Despite boasting a large and impressive cast, including Stephen Dillane, Orlando Bloom, Bill Paxton, and Agnes Bruckner - and even Bobby Cannavale in a small supporting role - it becomes readily apparent that the film itself has way too much plot, too many characters, too little character motivation.
The acting borders on the silly to the histrionic and the film seems addicted to its own obsession with depicting sleaze and a sort of tawdry adolescent glamour, and the gritty and erratic cinematography is just so intrusive that it ultimately gets in the way of telling the story.
Obviously the Cayman Islands has a reputation for being a haven for the tax free, at least that's what business man Carl Ridley thinks (Bill Paxton) when he winds up fleeing the Feds in Miami suspected of laundering millions of dollars. Together with his daughter Pippi (Agnes Bruckner) - who falls in with a scamming local kid (Victor Rasuk) - Carl tries to bank his money whilst also trying to find his despicable financial adviser (Stephen Dillane).
Elsewhere on the island a different sort of poor local (Orlando Bloom) is conducting a secret romance with the comely daughter (Zoë Saldaña) of a powerful, rich island native (Robert Wisdom), which is uncovered by her family's hotheaded weakling son (Anthony Mackie), who throws acid in the cute poor boy's face.
Then ''four months later,'' the miasma of duel plots merge into one and build to a last-minute climax, in which revelatory connections are made. It's sort of compelling to discover how all the characters are connected but the time this quasi Robert Altman-like meeting of unrelated characters happens - and even if the viewer has kept track of all the characters - it's hard to care about much of anything, other than knowing the film is nearly over.
The whole proceedings are made even more incomprehensible by the jittery, washed-out and overly close-up camera work, which does little to add to the enjoyment of the movie.

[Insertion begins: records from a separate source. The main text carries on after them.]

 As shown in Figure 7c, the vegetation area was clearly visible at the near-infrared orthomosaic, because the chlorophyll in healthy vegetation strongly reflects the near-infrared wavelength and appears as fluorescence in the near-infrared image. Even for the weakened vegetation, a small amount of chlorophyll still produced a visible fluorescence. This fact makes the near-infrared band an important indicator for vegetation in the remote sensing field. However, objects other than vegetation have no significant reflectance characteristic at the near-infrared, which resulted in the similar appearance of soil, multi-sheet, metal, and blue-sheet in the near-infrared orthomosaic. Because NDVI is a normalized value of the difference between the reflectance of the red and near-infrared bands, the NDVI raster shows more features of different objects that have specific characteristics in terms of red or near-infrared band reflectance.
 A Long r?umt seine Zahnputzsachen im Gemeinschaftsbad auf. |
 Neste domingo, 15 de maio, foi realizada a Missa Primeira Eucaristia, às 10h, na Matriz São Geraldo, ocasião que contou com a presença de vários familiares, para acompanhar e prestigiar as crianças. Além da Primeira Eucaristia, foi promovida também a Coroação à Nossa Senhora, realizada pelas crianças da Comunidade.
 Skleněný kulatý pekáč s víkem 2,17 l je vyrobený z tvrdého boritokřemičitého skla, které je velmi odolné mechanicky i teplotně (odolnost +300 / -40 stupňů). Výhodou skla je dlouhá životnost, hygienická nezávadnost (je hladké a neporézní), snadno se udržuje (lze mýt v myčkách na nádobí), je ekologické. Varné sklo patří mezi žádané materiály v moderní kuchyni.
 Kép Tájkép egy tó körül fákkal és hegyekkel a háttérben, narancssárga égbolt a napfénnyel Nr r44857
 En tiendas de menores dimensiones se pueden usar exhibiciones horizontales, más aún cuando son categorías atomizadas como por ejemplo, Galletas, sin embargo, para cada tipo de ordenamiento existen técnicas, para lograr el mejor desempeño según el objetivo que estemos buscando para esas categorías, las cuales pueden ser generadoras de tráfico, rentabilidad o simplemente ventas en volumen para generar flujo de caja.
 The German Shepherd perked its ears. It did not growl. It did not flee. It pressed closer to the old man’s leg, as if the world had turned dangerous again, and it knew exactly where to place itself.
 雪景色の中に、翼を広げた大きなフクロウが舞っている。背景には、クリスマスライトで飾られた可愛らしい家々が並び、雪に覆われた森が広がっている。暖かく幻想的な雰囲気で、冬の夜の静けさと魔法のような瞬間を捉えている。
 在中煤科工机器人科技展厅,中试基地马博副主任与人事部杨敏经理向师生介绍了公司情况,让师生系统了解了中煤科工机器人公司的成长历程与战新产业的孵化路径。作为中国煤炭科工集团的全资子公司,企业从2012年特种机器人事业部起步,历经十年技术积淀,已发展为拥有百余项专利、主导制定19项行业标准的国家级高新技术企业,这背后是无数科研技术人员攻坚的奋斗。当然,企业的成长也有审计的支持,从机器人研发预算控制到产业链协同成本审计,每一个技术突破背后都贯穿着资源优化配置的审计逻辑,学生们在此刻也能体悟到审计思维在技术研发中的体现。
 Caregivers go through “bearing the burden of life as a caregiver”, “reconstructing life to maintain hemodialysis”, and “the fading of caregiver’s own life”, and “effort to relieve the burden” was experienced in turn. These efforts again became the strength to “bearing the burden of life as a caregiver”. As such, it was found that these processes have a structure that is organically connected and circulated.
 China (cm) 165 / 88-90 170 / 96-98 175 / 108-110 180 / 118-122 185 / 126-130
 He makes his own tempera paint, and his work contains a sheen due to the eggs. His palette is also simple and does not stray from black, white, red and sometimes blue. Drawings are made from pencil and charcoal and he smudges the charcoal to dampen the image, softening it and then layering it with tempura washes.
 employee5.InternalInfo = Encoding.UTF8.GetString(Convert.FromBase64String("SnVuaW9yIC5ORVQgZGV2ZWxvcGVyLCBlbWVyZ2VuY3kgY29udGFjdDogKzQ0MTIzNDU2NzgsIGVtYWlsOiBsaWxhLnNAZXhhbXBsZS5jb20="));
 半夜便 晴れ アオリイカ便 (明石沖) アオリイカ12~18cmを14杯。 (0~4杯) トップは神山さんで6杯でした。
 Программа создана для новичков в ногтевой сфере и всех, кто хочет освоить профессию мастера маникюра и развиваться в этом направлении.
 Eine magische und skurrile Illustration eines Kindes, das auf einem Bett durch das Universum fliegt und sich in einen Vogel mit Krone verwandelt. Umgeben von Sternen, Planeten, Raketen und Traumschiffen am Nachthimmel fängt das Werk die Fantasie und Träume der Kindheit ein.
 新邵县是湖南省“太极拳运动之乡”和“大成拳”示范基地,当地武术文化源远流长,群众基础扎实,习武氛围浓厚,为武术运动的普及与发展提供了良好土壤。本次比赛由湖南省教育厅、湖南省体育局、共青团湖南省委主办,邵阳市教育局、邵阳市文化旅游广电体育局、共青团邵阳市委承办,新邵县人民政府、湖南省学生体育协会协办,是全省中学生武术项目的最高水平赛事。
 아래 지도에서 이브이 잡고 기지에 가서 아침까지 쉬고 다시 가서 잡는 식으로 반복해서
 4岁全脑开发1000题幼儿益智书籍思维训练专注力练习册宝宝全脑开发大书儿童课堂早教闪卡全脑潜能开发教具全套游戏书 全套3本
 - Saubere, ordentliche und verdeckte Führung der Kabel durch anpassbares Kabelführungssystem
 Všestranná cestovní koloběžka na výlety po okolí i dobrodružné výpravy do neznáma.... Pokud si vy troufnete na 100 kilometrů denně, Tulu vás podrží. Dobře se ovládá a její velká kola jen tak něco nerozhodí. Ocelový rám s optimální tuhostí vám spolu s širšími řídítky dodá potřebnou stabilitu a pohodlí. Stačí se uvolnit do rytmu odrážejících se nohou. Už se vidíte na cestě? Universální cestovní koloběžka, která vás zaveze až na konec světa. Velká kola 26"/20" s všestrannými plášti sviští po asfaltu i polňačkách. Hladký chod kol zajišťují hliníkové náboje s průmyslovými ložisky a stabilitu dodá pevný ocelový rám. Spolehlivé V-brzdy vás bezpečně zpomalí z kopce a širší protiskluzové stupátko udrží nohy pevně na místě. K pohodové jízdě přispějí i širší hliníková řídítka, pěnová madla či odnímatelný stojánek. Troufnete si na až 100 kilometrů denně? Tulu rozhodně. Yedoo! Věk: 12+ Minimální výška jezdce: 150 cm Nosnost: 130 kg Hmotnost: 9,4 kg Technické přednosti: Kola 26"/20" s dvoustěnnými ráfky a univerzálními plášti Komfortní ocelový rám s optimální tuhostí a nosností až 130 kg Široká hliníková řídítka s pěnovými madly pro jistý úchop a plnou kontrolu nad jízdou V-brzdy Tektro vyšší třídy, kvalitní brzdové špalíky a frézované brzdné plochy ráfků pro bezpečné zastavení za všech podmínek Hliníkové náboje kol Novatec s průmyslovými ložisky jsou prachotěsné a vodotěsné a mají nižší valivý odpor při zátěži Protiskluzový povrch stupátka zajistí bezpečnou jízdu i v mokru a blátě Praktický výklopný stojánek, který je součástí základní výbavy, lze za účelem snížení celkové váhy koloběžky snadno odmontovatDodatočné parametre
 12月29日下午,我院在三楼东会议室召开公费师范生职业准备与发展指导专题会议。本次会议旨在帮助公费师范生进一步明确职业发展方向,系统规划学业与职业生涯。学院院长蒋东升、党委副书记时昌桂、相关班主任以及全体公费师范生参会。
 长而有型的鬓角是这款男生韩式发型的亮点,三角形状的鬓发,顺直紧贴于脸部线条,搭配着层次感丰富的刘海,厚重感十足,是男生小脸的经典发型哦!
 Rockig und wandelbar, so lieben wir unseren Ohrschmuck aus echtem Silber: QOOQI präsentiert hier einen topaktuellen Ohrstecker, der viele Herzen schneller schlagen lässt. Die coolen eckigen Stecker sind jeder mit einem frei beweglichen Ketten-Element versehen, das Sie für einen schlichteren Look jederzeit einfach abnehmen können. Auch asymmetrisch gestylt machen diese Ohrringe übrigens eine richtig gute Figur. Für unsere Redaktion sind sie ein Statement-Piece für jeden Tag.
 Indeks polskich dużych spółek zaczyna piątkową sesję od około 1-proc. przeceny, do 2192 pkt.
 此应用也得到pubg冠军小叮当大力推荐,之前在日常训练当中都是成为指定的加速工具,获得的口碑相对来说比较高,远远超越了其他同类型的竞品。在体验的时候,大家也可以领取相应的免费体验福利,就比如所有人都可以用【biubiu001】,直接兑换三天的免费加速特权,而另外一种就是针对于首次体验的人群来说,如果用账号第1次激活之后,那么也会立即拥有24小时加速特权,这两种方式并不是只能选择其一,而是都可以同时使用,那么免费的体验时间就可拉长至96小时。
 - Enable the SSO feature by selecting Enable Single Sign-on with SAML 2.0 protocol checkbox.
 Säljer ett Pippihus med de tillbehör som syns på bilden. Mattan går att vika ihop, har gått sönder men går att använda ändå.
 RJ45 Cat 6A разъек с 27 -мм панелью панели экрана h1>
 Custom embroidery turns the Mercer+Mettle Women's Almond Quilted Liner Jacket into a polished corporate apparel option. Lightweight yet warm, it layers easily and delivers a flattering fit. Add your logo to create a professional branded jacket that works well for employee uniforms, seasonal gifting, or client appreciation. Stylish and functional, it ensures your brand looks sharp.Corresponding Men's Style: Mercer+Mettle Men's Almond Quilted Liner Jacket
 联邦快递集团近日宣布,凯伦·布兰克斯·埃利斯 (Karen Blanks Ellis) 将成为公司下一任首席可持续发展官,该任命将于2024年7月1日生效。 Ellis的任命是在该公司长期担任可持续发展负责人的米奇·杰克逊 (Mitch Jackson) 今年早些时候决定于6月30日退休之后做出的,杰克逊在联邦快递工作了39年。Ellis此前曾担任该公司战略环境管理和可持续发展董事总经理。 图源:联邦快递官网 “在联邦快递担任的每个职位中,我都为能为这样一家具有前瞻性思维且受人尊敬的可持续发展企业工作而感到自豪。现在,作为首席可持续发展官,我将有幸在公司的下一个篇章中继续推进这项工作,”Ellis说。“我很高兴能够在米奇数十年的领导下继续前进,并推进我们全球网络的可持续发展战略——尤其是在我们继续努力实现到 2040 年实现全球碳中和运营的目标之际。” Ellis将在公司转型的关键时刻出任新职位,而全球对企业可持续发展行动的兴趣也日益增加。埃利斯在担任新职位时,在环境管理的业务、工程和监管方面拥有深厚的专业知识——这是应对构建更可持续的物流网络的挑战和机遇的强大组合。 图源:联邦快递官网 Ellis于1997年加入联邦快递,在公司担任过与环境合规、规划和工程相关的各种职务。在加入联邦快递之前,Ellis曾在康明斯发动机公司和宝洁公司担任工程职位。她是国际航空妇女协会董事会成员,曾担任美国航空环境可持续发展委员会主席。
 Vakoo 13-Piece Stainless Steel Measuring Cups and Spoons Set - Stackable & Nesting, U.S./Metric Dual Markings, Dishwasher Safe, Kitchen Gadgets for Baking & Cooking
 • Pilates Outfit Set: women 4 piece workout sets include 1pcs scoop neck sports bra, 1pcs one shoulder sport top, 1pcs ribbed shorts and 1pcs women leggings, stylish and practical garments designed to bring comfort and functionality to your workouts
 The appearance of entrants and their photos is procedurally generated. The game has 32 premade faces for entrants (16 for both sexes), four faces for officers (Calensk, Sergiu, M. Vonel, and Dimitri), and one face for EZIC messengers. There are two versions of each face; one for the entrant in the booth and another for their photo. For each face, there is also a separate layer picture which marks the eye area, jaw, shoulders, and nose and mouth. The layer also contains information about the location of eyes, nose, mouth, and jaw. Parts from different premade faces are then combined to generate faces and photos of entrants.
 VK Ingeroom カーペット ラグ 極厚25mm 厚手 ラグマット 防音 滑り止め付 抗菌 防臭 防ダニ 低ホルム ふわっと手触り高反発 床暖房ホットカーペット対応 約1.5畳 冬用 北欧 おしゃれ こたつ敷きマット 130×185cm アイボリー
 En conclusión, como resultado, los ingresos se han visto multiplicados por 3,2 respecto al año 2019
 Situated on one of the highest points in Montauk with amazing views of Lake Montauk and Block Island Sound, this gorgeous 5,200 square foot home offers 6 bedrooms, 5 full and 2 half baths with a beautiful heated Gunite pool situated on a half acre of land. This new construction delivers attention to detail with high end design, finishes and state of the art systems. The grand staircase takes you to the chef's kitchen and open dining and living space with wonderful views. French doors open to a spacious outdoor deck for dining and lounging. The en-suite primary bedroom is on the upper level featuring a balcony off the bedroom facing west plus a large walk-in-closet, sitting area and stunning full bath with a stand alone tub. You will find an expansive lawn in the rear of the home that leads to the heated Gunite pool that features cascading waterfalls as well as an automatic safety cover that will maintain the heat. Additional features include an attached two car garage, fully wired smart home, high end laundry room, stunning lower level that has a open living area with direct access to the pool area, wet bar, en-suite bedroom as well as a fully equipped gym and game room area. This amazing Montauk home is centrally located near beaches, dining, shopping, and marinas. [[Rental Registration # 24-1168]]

Also, rather than focus on the more compelling storyline, which is the machinations of Stephen Dillane's amusingly corrupt lawyer, Flowers focuses instead on Bloom and his burn makeup; this is a big mistake as Bloom's character is so self-absorbed and his Romeo and Juliet-like love story just isn't as interesting.
I guess this high-profile cast was attracted to an all-expenses paid vacation in the Cayman's - as there seems little other reason for them to do this movie. Ultimately, Haven becomes pretty boring viewing fare. And the never-ending brutality, petty crimes, paltry blood feuds, and cattiness among the drug-addled populace do not ingratiate either with the local culture or the characters to anyone, in the movie or the audience. Mike Leonard January 07.